The research area classification results are reported considering the following three questions:
- What is the distribution of research areas at the project level, considering the 5 main research areas listed?
- In each research area, what is the most common sub-research area?
- What is the distribution of research areas at the platform level?
The data was preprocessed in order to answer the aforementioned questions. It was noted that 100 records consisted of missing values in “Research Areas”. Therefore, the following analysis ultimately considered 4849 records.
Summary of results/findings
What is the distribution of research areas at the project level, considering the 5 main research areas listed?
In answering this question, Figure 2 below indicates the research area assignment considering 4849 projects.
As can be seen in Figure 2 the majority of projects have been assigned to the “Life Sciences & Biomedicine” category (2492 projects), followed by the “Technology” category (965 projects) and the “social sciences” category (671 projects). Several projects have also been assigned to the “Physical Sciences” category (434 projects) and “Arts & Humanities” category (257 projects). There are also 30 projects that have not been assigned to any of the 5 main research areas in the dataset analysed (and were indicated using ).
In each research area, what is the most common sub-research area?

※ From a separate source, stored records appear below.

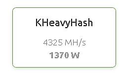 4090真是一塊強卡阿,耗電量又低‧2G的KAS算力,耗電292W.不知道調整之後會不會更低?這樣一看,好想換4090了‧一次換四張‧要換的主因,大概是家庭用電的負荷到了極限‧4張就8G的算力,一天約六百顆‧
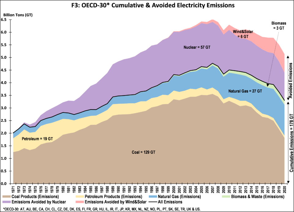 Combien de CO2 a été émis par les 30 pays de l’OCDE depuis 1971 pour produire de l’électricité, et combien a été évité grâce au nucléaire, à l’éolien et au solaire ?
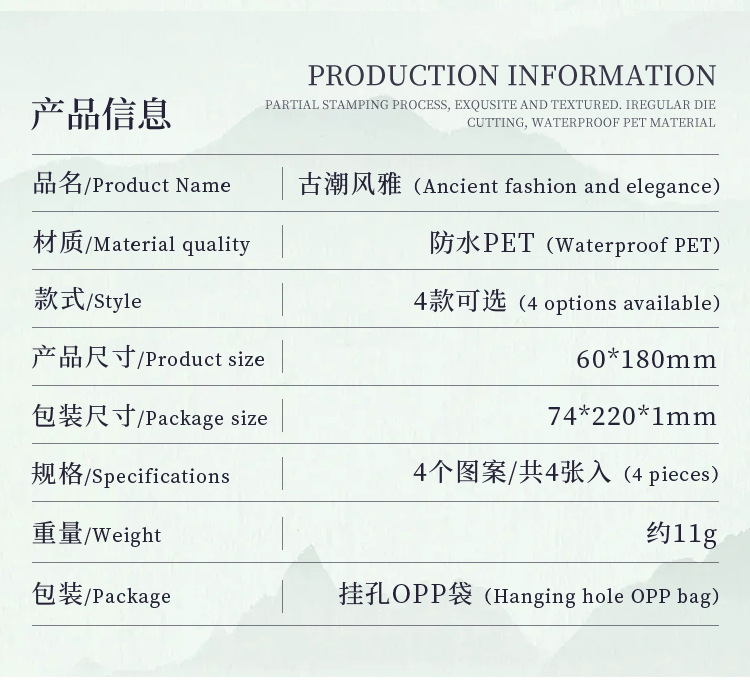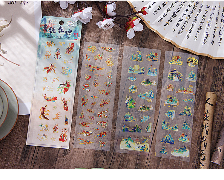 Yuezhen 고대 조수 우아한 중국 스타일 골동품 손 계정 스티커 패키지 국경 컷 필름 애완 동물 스티커 손 계정 재료 스티커
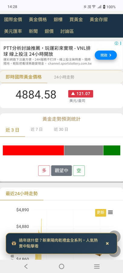 回覆 使者:衝吧金金等你突破高點在破4500😂😂...
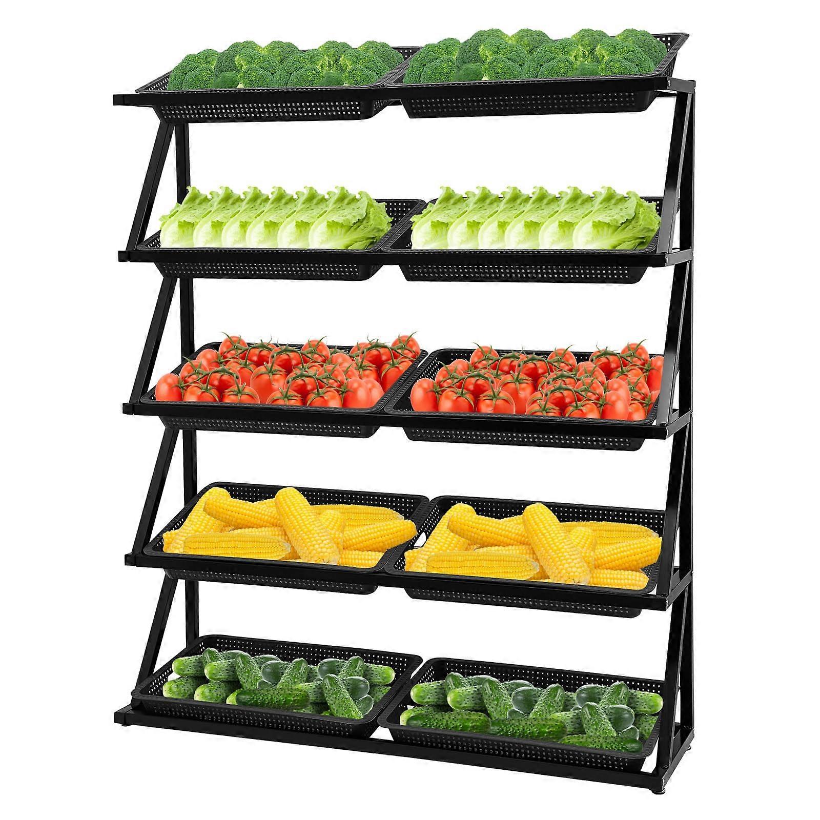5 Tier Retail Display Rack with Open Baskets, 220lbs Load Capacity Metal Market Shelf for Fruits and Vegetables, Black
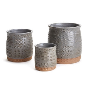 Craft potter-inspired, the Amory Pots are reminiscent of mid-century style. The teardrop pattern is an eclectic touch.
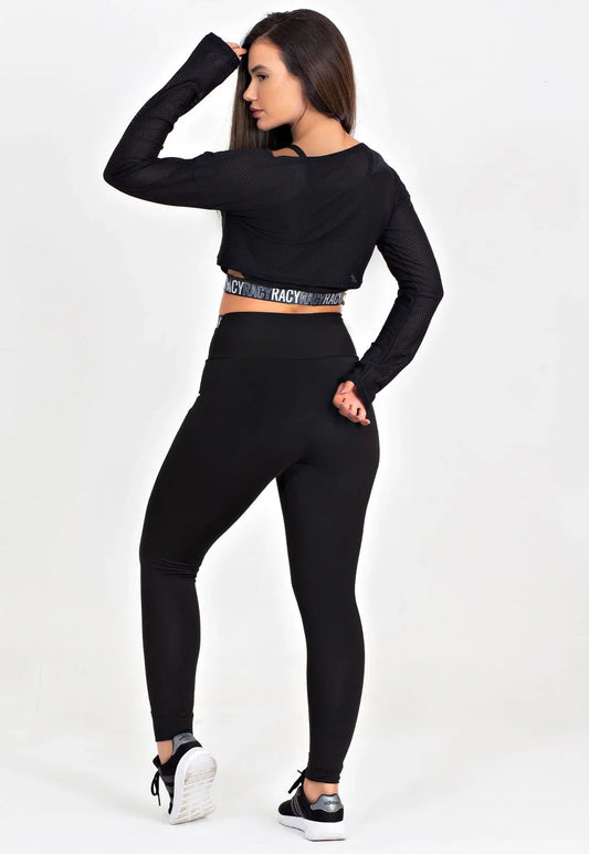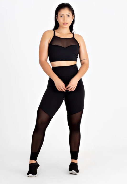 Cropped e Calça Legging Detalhe Tela Preto Conjunto | REF: LX279
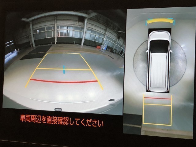 車の全周囲の画像が表示されます。運転席から見づらい個所なども、上空から見たような映像で確認できます。映像のきりかえも出来、後方確認だけでなく大変便利な機能です。
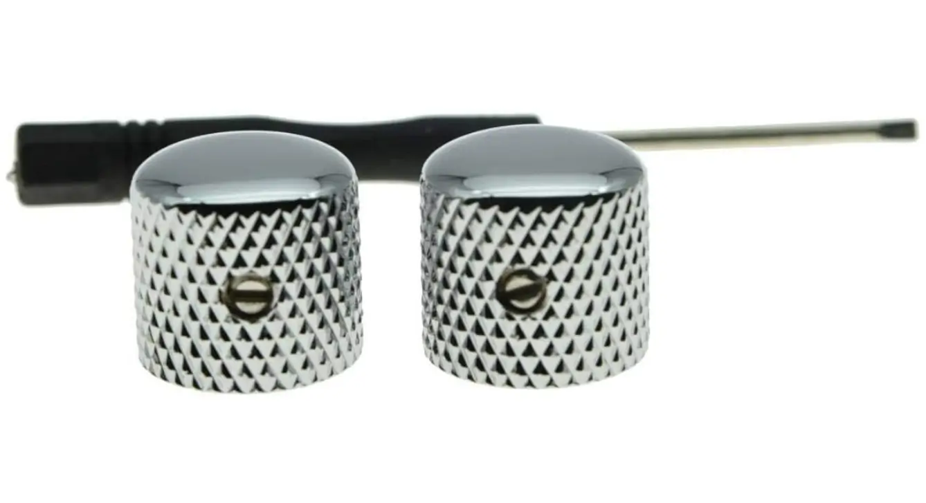 KAISH Set of 2 Chrome Metal Guitar Dome Knobs Bass Knob with Set Screw for Telecaster/Tele Guitar

In answering this second question, we extracted the sub-research area with the highest similarity score (See example 2 above) for each of the 5 main research areas. Due to the high number of sub-research areas associated with each research area, in this section, we only provide the top 3 sub-research areas related to each research area.
As can be seen in Table 1 when considering the “Life Sciences & Biomedicine” research area, numerous projects were seen to relate to the “Biodiversity & Conservation” type (682 projects). In the “Technology” category most projects were related to “Remote Sensing” (393 projects) and in “Social Sciences” a high number of projects are related to the “Education & Educational Research” subtype (121 projects). When considering the “Physical Sciences” numerous projects were seen to be related to the “Water Resources” sub-research area (165 projects) and finally in the “Arts & Humanities” research area a high number of projects were identified as related to the “History & Philosophy of Science” sub research area (122 projects).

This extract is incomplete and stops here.